Data items

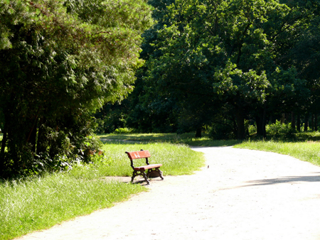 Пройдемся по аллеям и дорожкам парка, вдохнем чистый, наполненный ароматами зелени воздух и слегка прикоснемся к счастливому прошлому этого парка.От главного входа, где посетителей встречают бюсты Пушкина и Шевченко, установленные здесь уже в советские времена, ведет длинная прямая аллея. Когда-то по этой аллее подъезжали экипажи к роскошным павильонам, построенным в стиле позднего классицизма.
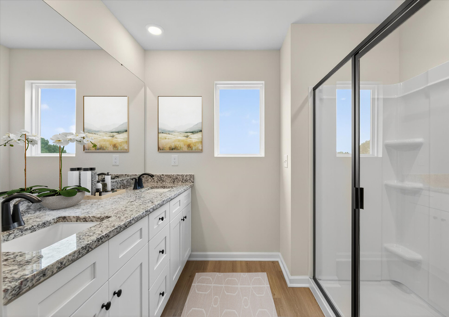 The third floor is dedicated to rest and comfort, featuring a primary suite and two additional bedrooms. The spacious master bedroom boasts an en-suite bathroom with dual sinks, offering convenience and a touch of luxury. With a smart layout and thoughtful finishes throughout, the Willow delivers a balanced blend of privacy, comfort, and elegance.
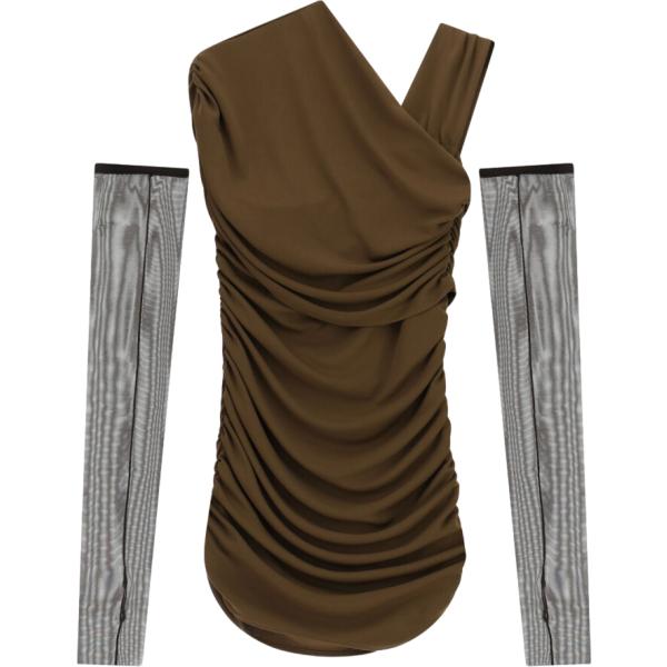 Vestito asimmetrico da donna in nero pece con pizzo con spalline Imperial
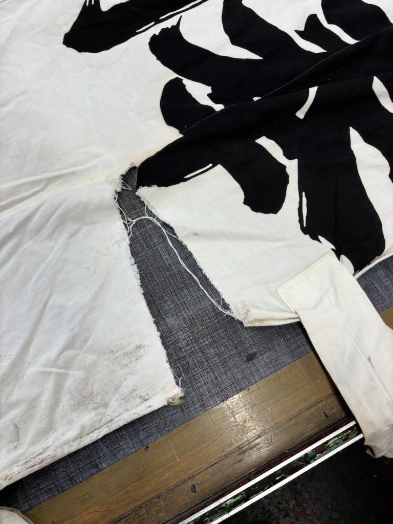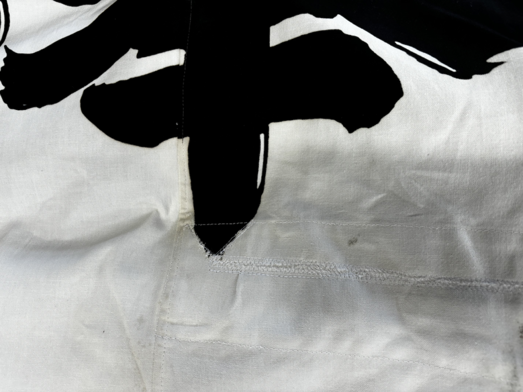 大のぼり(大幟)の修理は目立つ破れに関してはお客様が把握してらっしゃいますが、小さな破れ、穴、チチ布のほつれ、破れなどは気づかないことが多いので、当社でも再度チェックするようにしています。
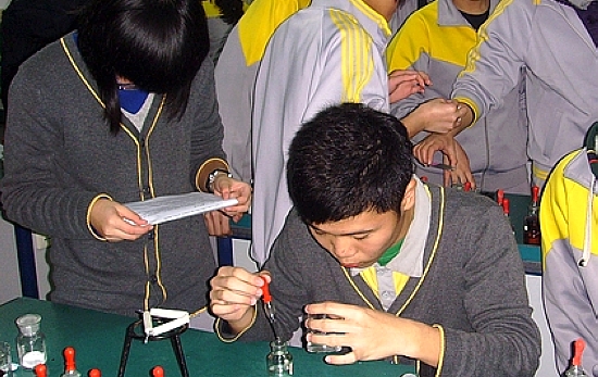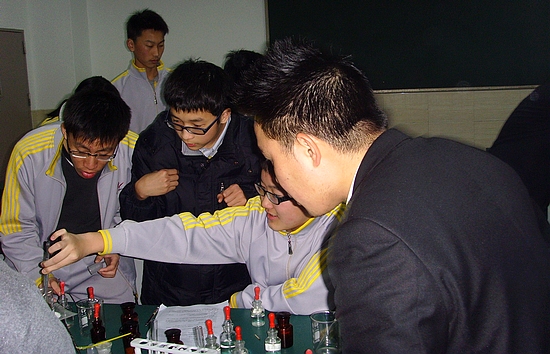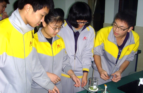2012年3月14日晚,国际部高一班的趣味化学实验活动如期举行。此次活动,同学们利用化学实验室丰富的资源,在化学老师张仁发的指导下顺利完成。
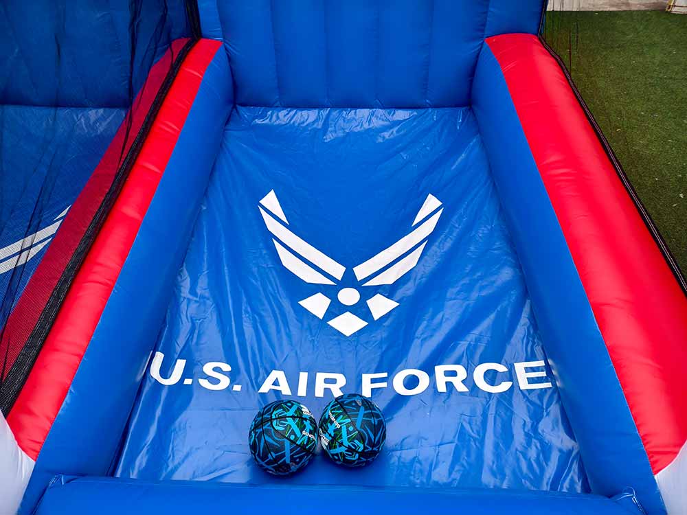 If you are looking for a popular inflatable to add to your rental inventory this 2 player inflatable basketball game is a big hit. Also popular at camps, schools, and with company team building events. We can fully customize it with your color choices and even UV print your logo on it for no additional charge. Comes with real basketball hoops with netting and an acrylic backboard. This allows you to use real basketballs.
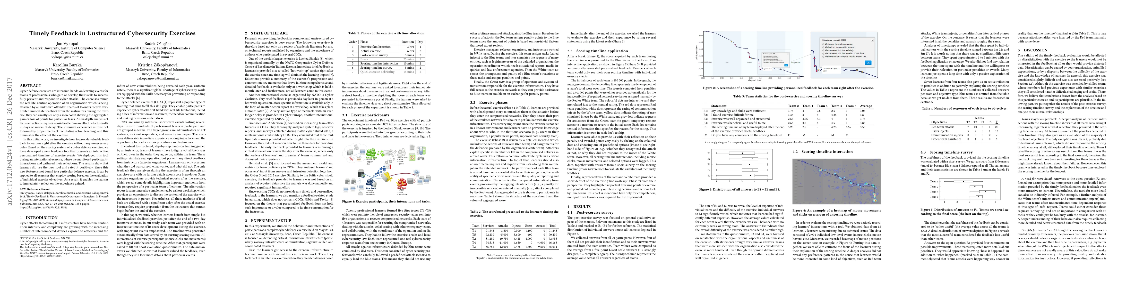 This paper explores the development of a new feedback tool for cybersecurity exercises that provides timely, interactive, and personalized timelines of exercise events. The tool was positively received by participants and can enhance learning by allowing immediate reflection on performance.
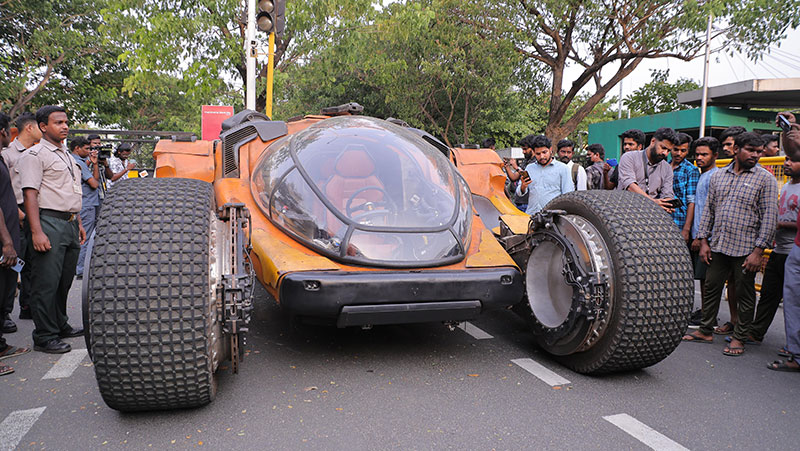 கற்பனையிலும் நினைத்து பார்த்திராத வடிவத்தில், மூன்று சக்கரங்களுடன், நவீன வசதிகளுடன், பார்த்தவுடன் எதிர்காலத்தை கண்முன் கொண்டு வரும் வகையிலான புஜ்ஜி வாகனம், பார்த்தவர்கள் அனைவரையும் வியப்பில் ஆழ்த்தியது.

▶ Problem statement
For this exercise, return exactly the lines above from the line with "2012年3月14日晚,国际" through the line with "If you are looking", both included. Do not copy the pictures.

▶ Response area
2012年3月14日晚,国际部高一班的趣味化学实验活动如期举行。此次活动,同学们利用化学实验室丰富的资源,在化学老师张仁发的指导下顺利完成。
 If you are looking for a popular inflatable to add to your rental inventory this 2 player inflatable basketball game is a big hit. Also popular at camps, schools, and with company team building events. We can fully customize it with your color choices and even UV print your logo on it for no additional charge. Comes with real basketball hoops with netting and an acrylic backboard. This allows you to use real basketballs.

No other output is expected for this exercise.